Peter had listened seriously. “And now,” said Jonathan, looking at his watch ruefully, “let’s go to Mrs. McHenry. Incidentally, I’d like to see her alone after you’ve introduced me to her.”

They climbed the broad staircase in silence, came upon a long hall with six doors leading from it. Peter opened one and said with the false brightness of acute anxiety, “Darling, Father McNulty has brought his friend, Dr. Ferrier, to see you.”

The blinds had been pulled against the sun, and the big square room was partly dark, and Jonathan saw here again the elegant mixture of Victorian and Spanish furniture. A thin young woman in a flowing white dress was lying on a chaise longue, and she lifted her head quickly from a posture of utter exhaustion.

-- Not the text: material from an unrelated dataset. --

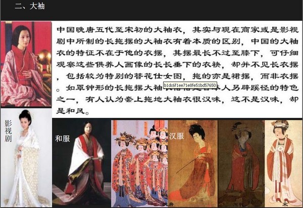 网友对这个民间定义的解释是:汉民族传统服饰的简称,主要是指明末以前,在自然的文化发展和民族交融过程中形成的汉族服饰。
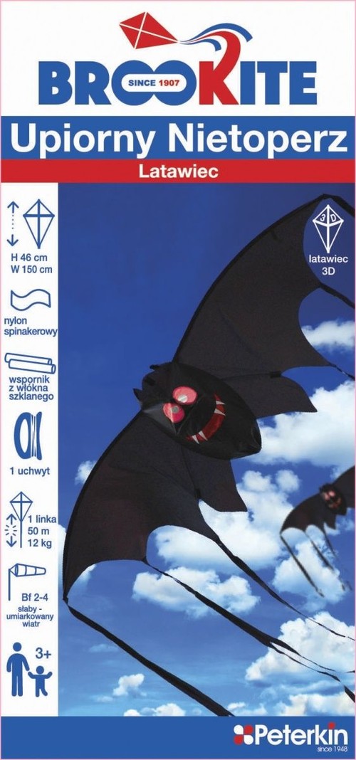 UPIORNY NIETOPERZ to fantazyjny, jednolinkowy latawiec 3D, wykonany z nylonu spinakerowego. Posiada wsporniki z włókna szklanego oraz plastikowy uchwyt do nawijania na końcu linki. Przeznaczony do puszczania przy słabym i umiarkowanym wietrze 2-4 BF. Latawiec zapakowany jest w solidny, winylowy futerał z kartonową etykietą oraz instrukcją montażu. Brookite to firma produkująca latwace od 1907 r. Wszystkie latawce uszyte są z lekkich, wysokiej jakości materiałów, używanych między innymi do produkcji żagli. Zawartość produktu LATAWIEC 3D Z NYLONU SPINAKEROWEGO, WSPORNIKI Z WŁÓKNA SZKLANEGO, 1 LINKA, 1 UCHWYT Po rozłożeniu: 46x150cm

Peter raised a shade and the green light outside struck her face, and Jonathan saw that Matilda McHenry vividly resembled his own mother in her youth. There were the same clear hazel eyes and fine features and the cloud of soft dark hair and the sensitive mouth and the look of pure candor, and the same restraint in dress. She held out her thin hand to Jonathan, and when she smiled, it was his mother
‘s
smile, charming and a little reserved.